There are a few things to keep in mind when traveling with braces or traveling with aligners, but none of them should keep you from having a good time. Zombek Orthodontics offers a few helpful orthodontic travel tips to make your vacation a great one while keeping your orthodontic treatment on track.

Tip 1: Prepare to Travel With Braces

The first step to a great vacation with braces is to schedule an orthodontic check-up before travel. We can check whether there might be any problems, such as a wire that could poke you or a bracket that might be slightly loose. We can replenish your braces rubber bands supply. 

If you’re wearing Invisalign or Invisalign Teen, we can ensure you have enough sets to carry with you in case you need to change sets while you’re away. 

We will do all we can to help you prepare for your vacation. 

Tip 2: What to Carry While Traveling With Braces

It’s a good idea to take a braces travel kit with you, not just for routine care but also for braces emergencies. Take this kit in your carry-on luggage in case any checked bags get lost. 

Tip 3: What to Carry While Traveling With Invisalign

You’ll need many of the same things for your Invisalign travel kit as you do for your braces travel kit. 

In addition to the things you’ll need in the braces kit, you’ll want to add a couple of items for clear aligners. You’ll need aligner cleaning tablets to clean your clear aligners daily. If you don’t have any, it’s OK to use a solution of warm water and mild, clear hand soap. Be sure to rinse your aligners thoroughly afterward.

You should also carry two storage cases with you. One should store your clear aligners. The other should be a backup to hold your old aligners in case you switch to a new set during vacation. It can also serve as your main case in case you lose the other. 

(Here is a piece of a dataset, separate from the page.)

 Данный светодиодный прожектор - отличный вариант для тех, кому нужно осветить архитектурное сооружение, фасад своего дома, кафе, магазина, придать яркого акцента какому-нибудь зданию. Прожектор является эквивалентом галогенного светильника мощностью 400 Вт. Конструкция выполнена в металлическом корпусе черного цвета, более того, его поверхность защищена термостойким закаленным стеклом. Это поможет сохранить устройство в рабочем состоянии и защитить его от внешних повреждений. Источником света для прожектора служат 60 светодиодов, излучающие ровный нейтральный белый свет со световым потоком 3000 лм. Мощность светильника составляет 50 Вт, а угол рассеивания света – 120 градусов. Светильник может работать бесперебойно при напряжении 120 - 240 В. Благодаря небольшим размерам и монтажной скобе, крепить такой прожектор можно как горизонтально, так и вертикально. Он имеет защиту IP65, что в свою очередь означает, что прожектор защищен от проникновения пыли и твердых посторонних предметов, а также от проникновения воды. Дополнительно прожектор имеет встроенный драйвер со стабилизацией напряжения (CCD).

Remember, don’t throw away your old aligners if you switch to your new Invisalign trays while on vacation. You may need them if your new ones get lost or damaged.

Tip 4: Travel Dining With Braces and Invisalign

What’s one of the best parts of visiting a new place? The food! We love trying new restaurants, foods, and drinks while on vacation. At Zombek Orthodontics, we want to encourage you to enjoy your vacation, and that includes trying new foods. Just be sure they fall within the rules for eating with braces

Certain foods can damage your braces, and the last thing you want is a broken wire or popped bracket while on vacation. So, stay away from foods that are crunchy, sticky, chewy, and hard. 

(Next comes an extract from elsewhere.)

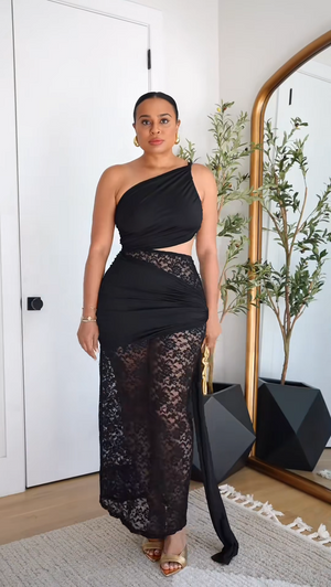 Hollow lace ribbon dress

You should be careful of what you drink, too. Coffee, tea, dark sodas, red wines, and dark fruit juices can stain your teeth and clear braces over time. It’s OK to indulge once in a while as long as you rinse your mouth soon afterward to help prevent the stains from setting. 

If you’re getting treatment with Invisalign, you don’t have to worry about these restrictions! Just be sure to rinse your mouth and clear aligners, and return them to your mouth as soon after eating as possible. 

We do have a bonus tip: Drink lots of plain water! Water is not only good for your teeth and gums, but drinking water also helps you stay hydrated, allowing you to participate in all the fun activities you have planned. Water also helps keep your mouth moist, which keeps your teeth, gums, braces, or clear aligners cleaner. So drink lots of water! 

Tip 5: What to Do in a Braces Emergency While Traveling

No matter how well you plan a vacation, something is going to happen that isn’t part of the plan. What happens if you need emergency orthodontic care while on vacation? 

Zombek Orthodontics has you covered. The first step is not to panic. The next step is to give us a call and explain the situation to us. We’ll be able to talk you through possible solutions. Hopefully, we can provide a temporary solution that will get you through the rest of your vacation without needing an emergency orthodontist visit. 

Just in case, it wouldn’t hurt to research “orthodontist near me” once you arrive at your destination. That way, you have an idea where you might go should you need emergency treatment or repair. Look for an orthodontist who provides emergency care. We can work with whoever you find to get you the treatment you need. 

A temporary fix may help you get back to your vacation without needing an orthodontist visit. Dental wax can cover a loose bracket or a poking wire. If the wire is poking out the back of your braces band, you may be able to trim it with a pair of nail clippers. We can talk you through it. 

Finally, contact us as soon as you get home. We’ll get you into our Weston, FL, or Hollywood, FL, orthodontist office as soon as possible for any repairs. 

braces weston fl

Bonus Tip: Getting Through Airport Security With Braces

We know you want to see the answer to the most important question: How do I get through a TSA checkpoint with all this metal?

Rest assured, your stainless steel braces shouldn’t set off the body scanners at the airport. On the off chance it does go off (because you never know what could set those things off), just give the TSA agent a big smile while they pass the wand over you. You should be good to go. 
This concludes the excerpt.